Éducation

Comment savoir si mon enfant rencontre des difficultés d’apprentissages ?

Sur le site de Plume, on nous demande souvent si notre plateforme est adaptée aux enfants dyslexiques ou même dyspraxiques. Oui, mille fois oui. L’intérêt de l’outil numérique réside dans ses fonctionnalités pour mettre en situation de réussite tous les enfants. Beaucoup de parents et maîtresses témoignent en effet du fait que grâce à l’outil, des enfants habituellement “bloqués” dans la production d’écrits sont capables de rédiger des histoires entières.

Je ne parlerai pas ici de la dyspraxie mais plus particulièrement de la dyslexie et de la dysgraphie que j’ai pu observer de près dans mes classes et pour lesquelles j’ai été longuement formée lors de mon master de psychologie clinique.
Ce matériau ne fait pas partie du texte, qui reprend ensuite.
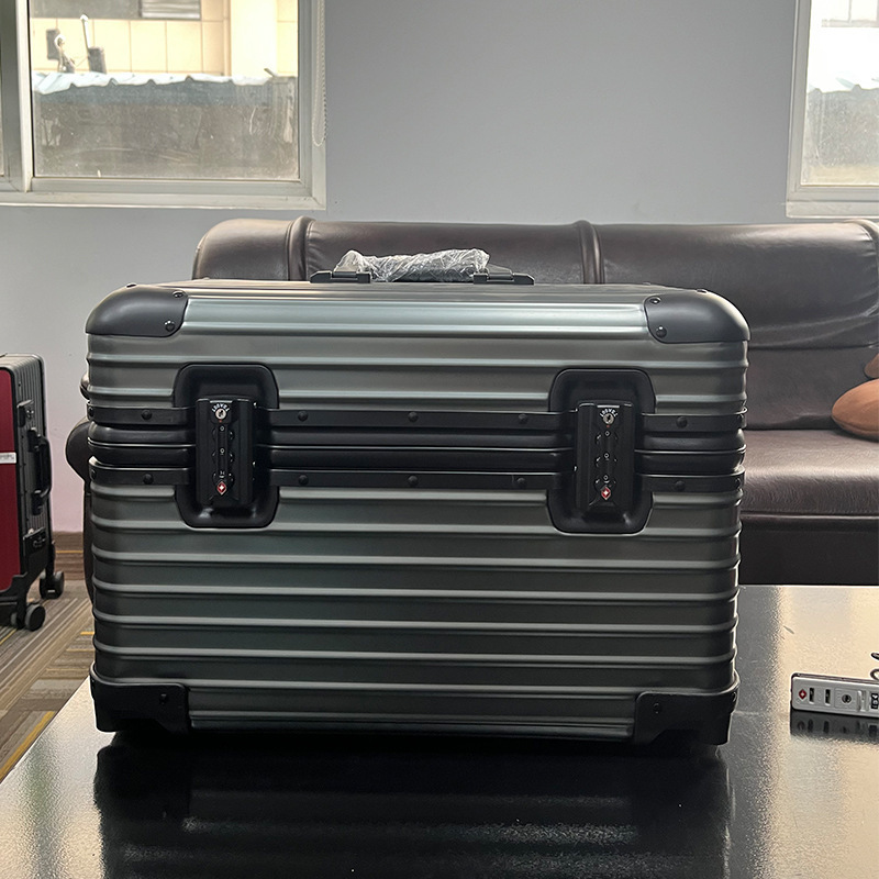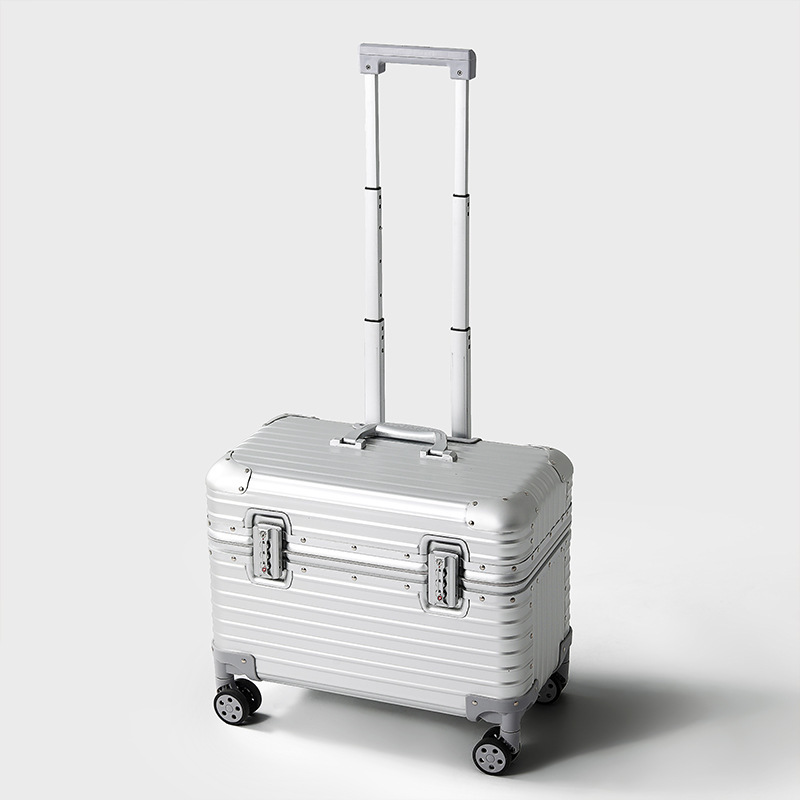 독일 모든 알루미늄 마그네슘 합금 국경 선장 상자 보편적 인 휠 충격 방지 암호 상자 18 인치 탑승 상자 사진 미니 상자스토어 가기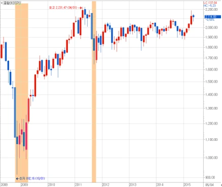 [2008년 금융위기 당시, 2011년 유럽위기 당시 공매도 금지 기간을 표시한 코스피지수]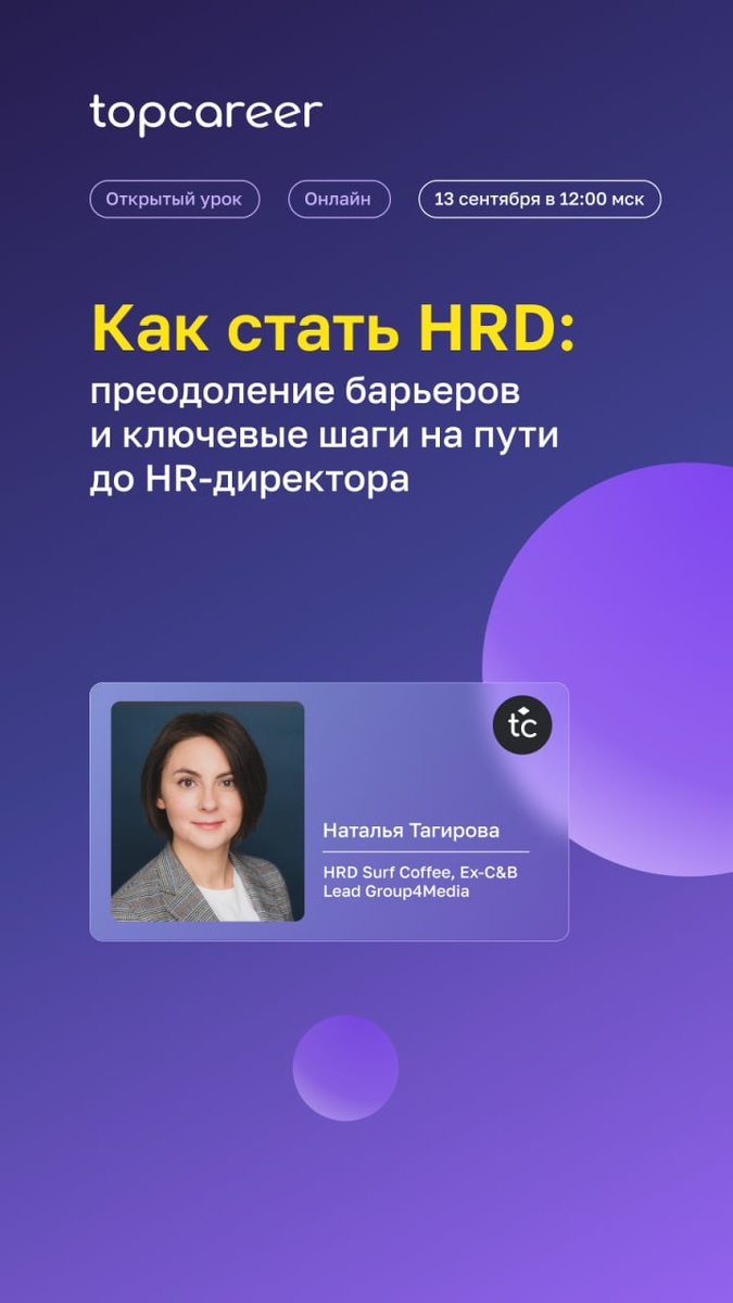 Переход в роль HRD — это не просто новый тайтл, а переход на стратегический уровень влияния. Именно от HR-директора бизнес ждет решений, которые помогают расти: как управлять изменениями, перестроить оргструктуру, удержать ключевых людей, создать культуру, которая работает на результат. Но чтобы дойти до этой позиции, недостаточно просто быть хорошим специалистом — важно понимать зону ответственности, развивать нужные компетенции и уметь использовать возможности, которые открывают перемены. ➡️ На открытом уроке «Как стать HRD: преодоление барьеров и ключевые шаги на пути до HR-директора» мы поговорим о том, как пройти путь до HRD, что помогает вырасти и как строить стратегическое HR уже сегодня. 🕰 Когда: 13 сентября в 12:00 мск 💭 Спикер урока: Наталья Тагирова, Ex-HRD Mediasystem О Наталье: ✨Более 20 лет в HR (международные и российские компании в медиа и авто отраслях, численность — от 250 до 1500), с 2015 года — в роли HRD. ✨Опыт работы в разных HR направлениях (C&B, T&D, рек

Cet article est donc assez long et peut-être un peu technique; c’est parce que je pense qu’il faut parler avec précision et honnêteté des troubles qui touchent nos élèves.

Les troubles des apprentissages : de quoi parle-t-on ?

Les troubles des apprentissages sont des “troubles hétérogènes du développement” dans lesquels l’acquisition de la lecture, de l’écriture est perturbée dès les premières étapes de la scolarité. Les difficultés ne sont pas expliquées par des raisons intellectuelles ou sociales ou par une scolarité inadéquate.

On reconnaît habituellement trois troubles majeurs des apprentissages (DSM-IV) : le trouble de la lecture, le trouble de l’expression écrite et le trouble du calcul. Le trouble de la lecture est le plus commun, représentant environ 80% des troubles dans ce domaine. Les troubles des apprentissages se recoupent, en particulier ceux de la lecture et de l’écriture.

Pour autant, la nature, la définition et la classification de ces troubles sont parmi les sujets les plus controversés de la psychopathologie de l’enfant et de l’adolescent.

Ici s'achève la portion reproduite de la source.